PolyGraph

PolyGraph is a Python library for evaluating graph generative models. With polygraph, evaluating a generative model becomes as easy as this:

import networkx as nx
from polygraph.datasets import PlanarGraphDataset
from polygraph.metrics import GaussianTVMMD2Benchmark

reference = PlanarGraphDataset("test").to_nx()
benchmark = GaussianTVMMD2Benchmark(reference)

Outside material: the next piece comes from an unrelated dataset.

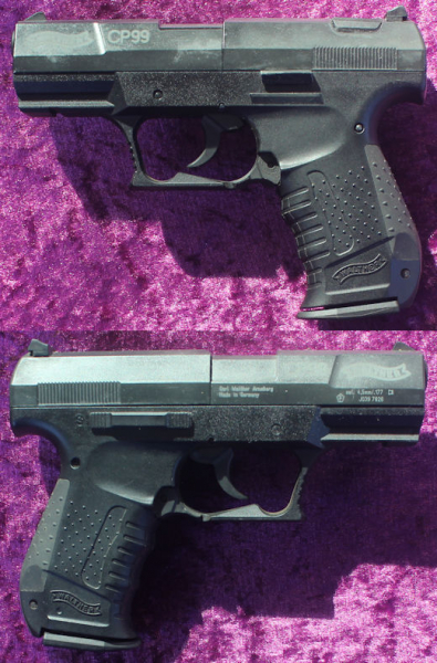 Eine gebrauchte CO2 Pistole von Walther Mod. CP 99 Kal. 4,5mm mit F im Fünfeck aus Nachlass . Das Bild zeigt den Artikel, so wie er in der Auktion angeboten wird. Der Artikel ist ungereinigt und ungeprüft und wird als Belegstück oder Ersatzteilträger angeboten. Privatverkauf ohne Garantie und Rücknahme. Bieten Sie nur, wenn Sie mit den in myGun angegebenen Bedingungen einverstanden sind. Bitte beachten Sie auch meine anderen Auktionen.
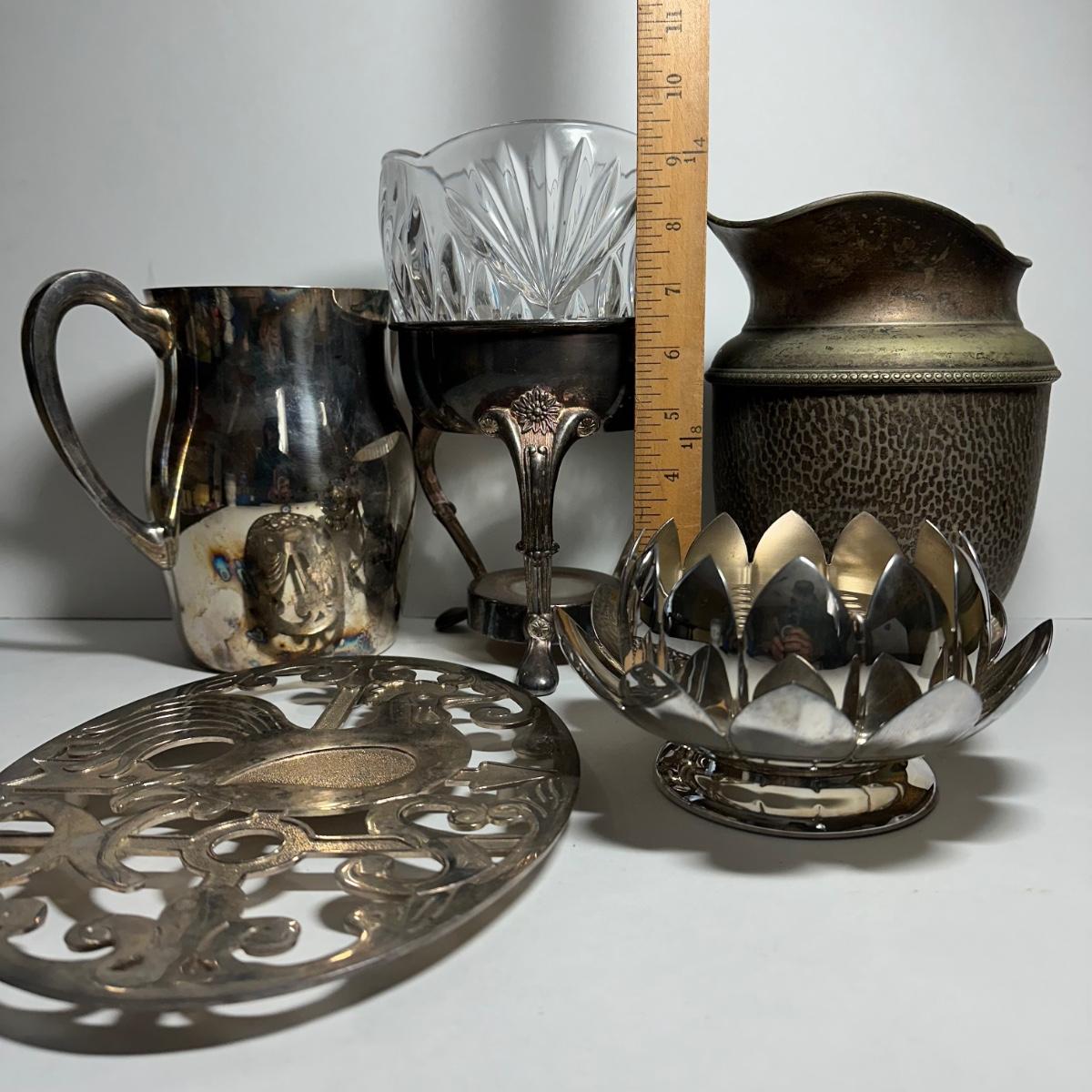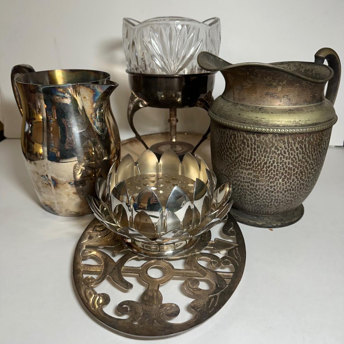 LOT 139B: Silver Plated Centerpieces, Pitchers & Trays

generated = [nx.erdos_renyi_graph(64, 0.1) for _ in range(40)]
print(benchmark.compute(generated))     # {'orbit': 1.3305546735190608, 'clustering': 0.2799915534527712, 'degree': 0.07563928348299709, 'spectral': 0.07841922146118052}

Installation

You may install this package via:

pip install polygraph-benchmark

No manual compilation of ORCA is required. For details on the interaction with the graph_tool package, see the more detailed installation instructions.

Usage

We provide a few basic tutorials:

Basic Usage - How to load datasets and compute metrics
Metrics Overview - An overview of which metrics are implemented in polygraph (MMD, PGD, VUN, Frechet Distance)
Custom Datasets - How to build custom datasets and share them

PGD vs MMD overview

PolyGraph Discrepancy (PGD) is our proposed metric for graph generative model evaluation. Compared to maximum mean discrepancy (MMD), PGD provides a bounded range, an intrinsic scale, and a principled way to compare and aggregate across descriptors.

Property	MMD	PGD
Range	[0, ∞)	[0, 1]
Intrinsic Scale	❌	✅
Descriptor Comparison	❌	✅
Multi-Descriptor Aggregation	❌	✅
Single Ranking	❌	✅

PGD and its motivation are described in more detail in the paper and API docs.

Benchmarking snapshot

The table below shows an example benchmark generated with this library across multiple datasets and models. Values illustrate typical outputs from the newly proposed PolyGraph Discrepancy. For completeness, this library and our paper also implements and provides various MMD estimates on the datasets below. Values are scaled by 100 for legibility and subsampling is used to obtain standard deviations (using StandardPGDInterval and MoleculePGDInterval). More details are provided in our paper.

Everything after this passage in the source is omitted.